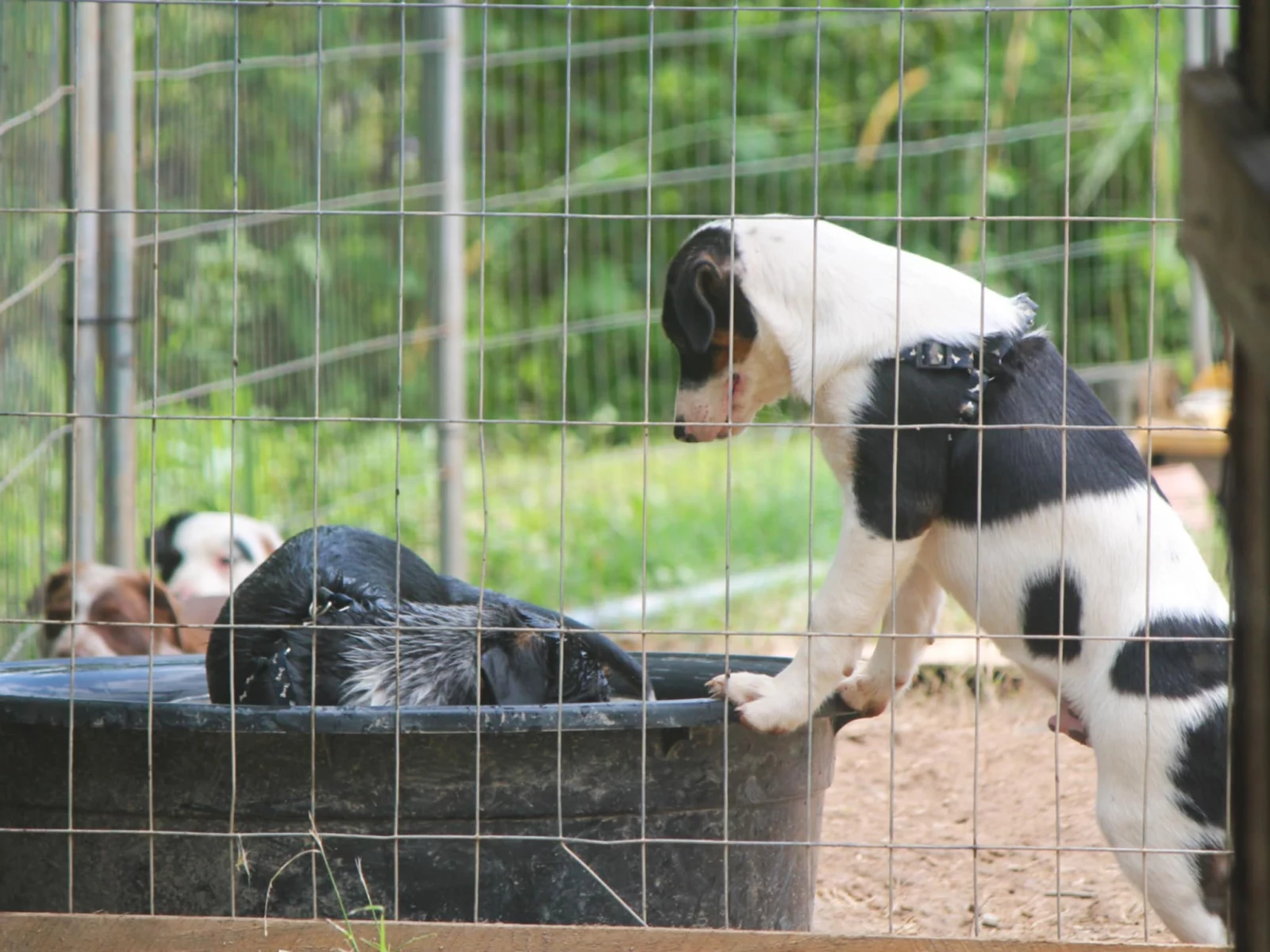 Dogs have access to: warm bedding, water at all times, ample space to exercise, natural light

* * *

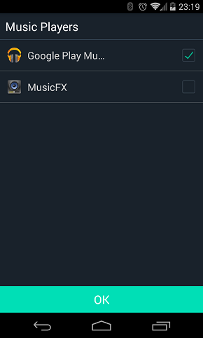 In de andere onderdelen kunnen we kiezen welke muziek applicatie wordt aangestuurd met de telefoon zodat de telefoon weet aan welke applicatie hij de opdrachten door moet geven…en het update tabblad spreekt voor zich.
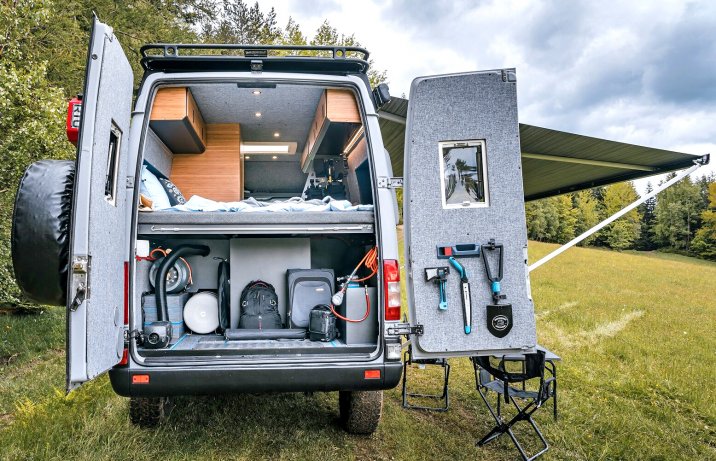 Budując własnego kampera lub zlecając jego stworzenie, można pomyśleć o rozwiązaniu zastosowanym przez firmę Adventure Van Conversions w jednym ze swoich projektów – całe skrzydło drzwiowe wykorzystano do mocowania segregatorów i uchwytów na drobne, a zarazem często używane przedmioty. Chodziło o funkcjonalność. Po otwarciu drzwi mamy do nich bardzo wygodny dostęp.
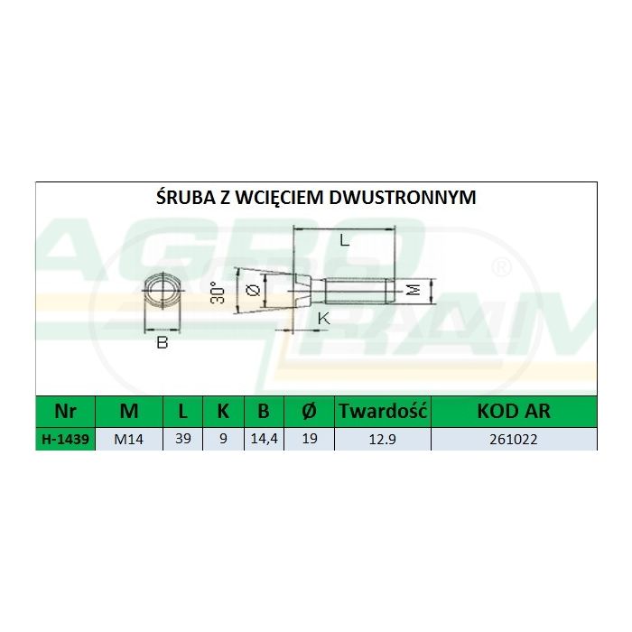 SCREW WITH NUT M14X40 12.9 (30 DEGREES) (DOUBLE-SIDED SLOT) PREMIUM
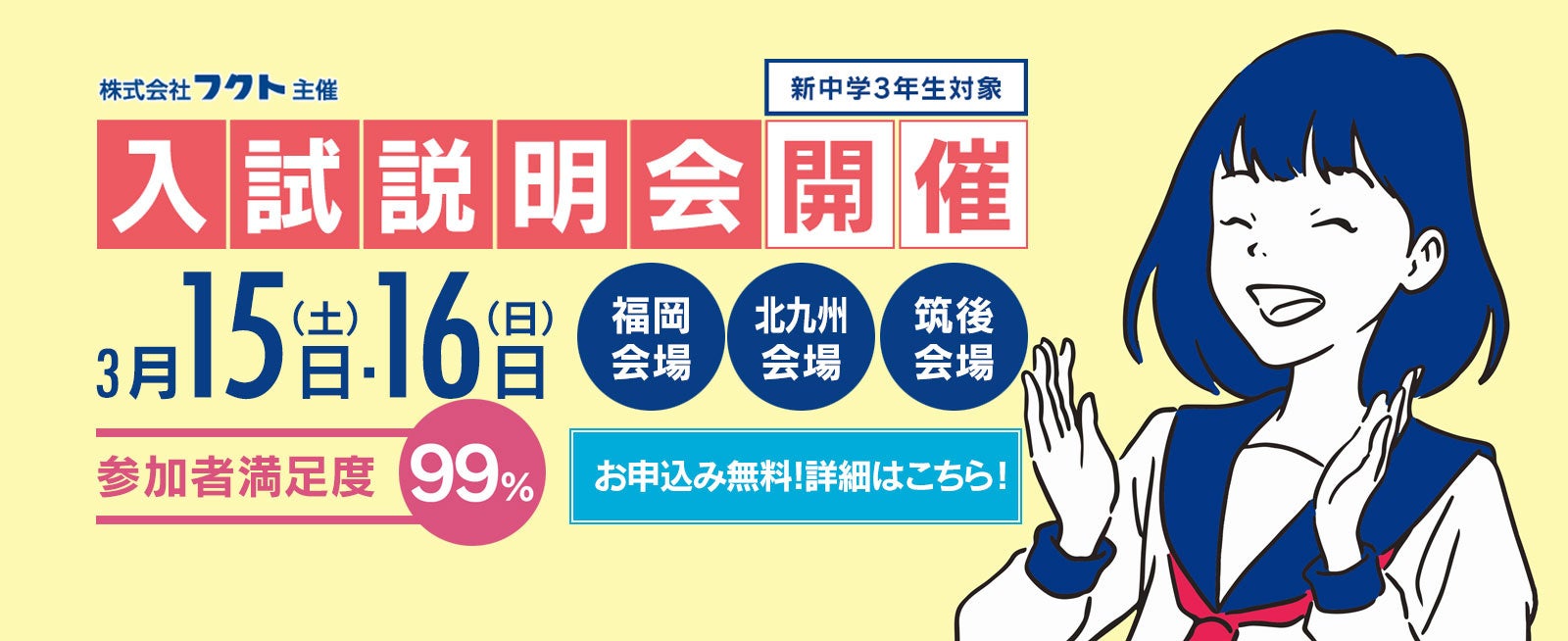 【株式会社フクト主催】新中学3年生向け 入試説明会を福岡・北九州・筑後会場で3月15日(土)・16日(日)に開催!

...

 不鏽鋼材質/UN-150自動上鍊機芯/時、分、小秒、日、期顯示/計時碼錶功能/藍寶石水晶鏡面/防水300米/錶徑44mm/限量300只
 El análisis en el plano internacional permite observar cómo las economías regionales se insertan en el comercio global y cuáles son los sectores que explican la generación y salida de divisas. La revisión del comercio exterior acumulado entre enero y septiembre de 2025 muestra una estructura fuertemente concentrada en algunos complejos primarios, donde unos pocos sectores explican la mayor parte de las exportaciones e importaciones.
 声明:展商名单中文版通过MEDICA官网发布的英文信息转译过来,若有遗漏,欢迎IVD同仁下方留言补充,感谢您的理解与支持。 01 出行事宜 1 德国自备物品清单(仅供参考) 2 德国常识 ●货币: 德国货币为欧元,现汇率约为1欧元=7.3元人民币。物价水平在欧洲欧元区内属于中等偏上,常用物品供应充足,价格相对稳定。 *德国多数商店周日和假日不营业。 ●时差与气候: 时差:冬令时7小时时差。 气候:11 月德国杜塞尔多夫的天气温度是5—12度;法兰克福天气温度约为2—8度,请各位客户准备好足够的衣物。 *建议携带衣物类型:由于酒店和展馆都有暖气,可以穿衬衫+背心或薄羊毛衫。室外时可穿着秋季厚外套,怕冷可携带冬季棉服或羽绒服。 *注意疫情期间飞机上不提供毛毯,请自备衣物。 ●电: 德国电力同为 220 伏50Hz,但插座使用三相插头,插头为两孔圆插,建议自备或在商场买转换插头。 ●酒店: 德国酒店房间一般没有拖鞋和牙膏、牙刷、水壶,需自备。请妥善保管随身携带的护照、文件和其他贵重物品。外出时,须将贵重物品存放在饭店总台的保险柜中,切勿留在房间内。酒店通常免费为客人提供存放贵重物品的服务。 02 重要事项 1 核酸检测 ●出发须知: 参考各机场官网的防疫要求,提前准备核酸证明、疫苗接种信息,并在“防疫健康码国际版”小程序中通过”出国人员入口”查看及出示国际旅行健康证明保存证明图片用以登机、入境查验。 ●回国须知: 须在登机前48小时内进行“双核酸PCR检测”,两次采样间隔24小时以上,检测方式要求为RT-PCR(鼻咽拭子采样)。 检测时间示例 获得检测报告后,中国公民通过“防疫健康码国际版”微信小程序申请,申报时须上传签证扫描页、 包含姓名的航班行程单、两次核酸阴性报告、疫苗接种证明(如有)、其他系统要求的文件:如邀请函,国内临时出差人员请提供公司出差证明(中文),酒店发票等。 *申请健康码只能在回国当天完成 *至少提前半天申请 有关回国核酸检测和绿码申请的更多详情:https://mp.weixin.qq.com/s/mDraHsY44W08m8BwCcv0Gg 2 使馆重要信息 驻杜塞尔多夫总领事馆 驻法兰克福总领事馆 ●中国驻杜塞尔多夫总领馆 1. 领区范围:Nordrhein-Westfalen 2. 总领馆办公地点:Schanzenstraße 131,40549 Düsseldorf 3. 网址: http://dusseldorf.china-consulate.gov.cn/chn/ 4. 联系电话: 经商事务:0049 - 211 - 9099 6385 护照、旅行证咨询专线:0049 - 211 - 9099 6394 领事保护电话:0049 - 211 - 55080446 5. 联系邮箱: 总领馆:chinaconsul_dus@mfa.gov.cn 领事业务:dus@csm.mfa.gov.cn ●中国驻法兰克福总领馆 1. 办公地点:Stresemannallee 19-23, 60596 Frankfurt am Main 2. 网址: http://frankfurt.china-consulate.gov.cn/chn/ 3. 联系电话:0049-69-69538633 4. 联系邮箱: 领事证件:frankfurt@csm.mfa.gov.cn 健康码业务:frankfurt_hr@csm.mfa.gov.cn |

▶ **TASK TO CARRY OUT**:
Copy the entries above exactly, but only from the line holding "El análisis en" through the line holding "出行事宜 1 德国自备物品清单(仅供参考)", both included.

▶ **FINISHED EXERCISE**:
 El análisis en el plano internacional permite observar cómo las economías regionales se insertan en el comercio global y cuáles son los sectores que explican la generación y salida de divisas. La revisión del comercio exterior acumulado entre enero y septiembre de 2025 muestra una estructura fuertemente concentrada en algunos complejos primarios, donde unos pocos sectores explican la mayor parte de las exportaciones e importaciones.
 声明:展商名单中文版通过MEDICA官网发布的英文信息转译过来,若有遗漏,欢迎IVD同仁下方留言补充,感谢您的理解与支持。 01 出行事宜 1 德国自备物品清单(仅供参考) 2 德国常识 ●货币: 德国货币为欧元,现汇率约为1欧元=7.3元人民币。物价水平在欧洲欧元区内属于中等偏上,常用物品供应充足,价格相对稳定。 *德国多数商店周日和假日不营业。 ●时差与气候: 时差:冬令时7小时时差。 气候:11 月德国杜塞尔多夫的天气温度是5—12度;法兰克福天气温度约为2—8度,请各位客户准备好足够的衣物。 *建议携带衣物类型:由于酒店和展馆都有暖气,可以穿衬衫+背心或薄羊毛衫。室外时可穿着秋季厚外套,怕冷可携带冬季棉服或羽绒服。 *注意疫情期间飞机上不提供毛毯,请自备衣物。 ●电: 德国电力同为 220 伏50Hz,但插座使用三相插头,插头为两孔圆插,建议自备或在商场买转换插头。 ●酒店: 德国酒店房间一般没有拖鞋和牙膏、牙刷、水壶,需自备。请妥善保管随身携带的护照、文件和其他贵重物品。外出时,须将贵重物品存放在饭店总台的保险柜中,切勿留在房间内。酒店通常免费为客人提供存放贵重物品的服务。 02 重要事项 1 核酸检测 ●出发须知: 参考各机场官网的防疫要求,提前准备核酸证明、疫苗接种信息,并在“防疫健康码国际版”小程序中通过”出国人员入口”查看及出示国际旅行健康证明保存证明图片用以登机、入境查验。 ●回国须知: 须在登机前48小时内进行“双核酸PCR检测”,两次采样间隔24小时以上,检测方式要求为RT-PCR(鼻咽拭子采样)。 检测时间示例 获得检测报告后,中国公民通过“防疫健康码国际版”微信小程序申请,申报时须上传签证扫描页、 包含姓名的航班行程单、两次核酸阴性报告、疫苗接种证明(如有)、其他系统要求的文件:如邀请函,国内临时出差人员请提供公司出差证明(中文),酒店发票等。 *申请健康码只能在回国当天完成 *至少提前半天申请 有关回国核酸检测和绿码申请的更多详情:https://mp.weixin.qq.com/s/mDraHsY44W08m8BwCcv0Gg 2 使馆重要信息 驻杜塞尔多夫总领事馆 驻法兰克福总领事馆 ●中国驻杜塞尔多夫总领馆 1. 领区范围:Nordrhein-Westfalen 2. 总领馆办公地点:Schanzenstraße 131,40549 Düsseldorf 3. 网址: http://dusseldorf.china-consulate.gov.cn/chn/ 4. 联系电话: 经商事务:0049 - 211 - 9099 6385 护照、旅行证咨询专线:0049 - 211 - 9099 6394 领事保护电话:0049 - 211 - 55080446 5. 联系邮箱: 总领馆:chinaconsul_dus@mfa.gov.cn 领事业务:dus@csm.mfa.gov.cn ●中国驻法兰克福总领馆 1. 办公地点:Stresemannallee 19-23, 60596 Frankfurt am Main 2. 网址: http://frankfurt.china-consulate.gov.cn/chn/ 3. 联系电话:0049-69-69538633 4. 联系邮箱: 领事证件:frankfurt@csm.mfa.gov.cn 健康码业务:frankfurt_hr@csm.mfa.gov.cn |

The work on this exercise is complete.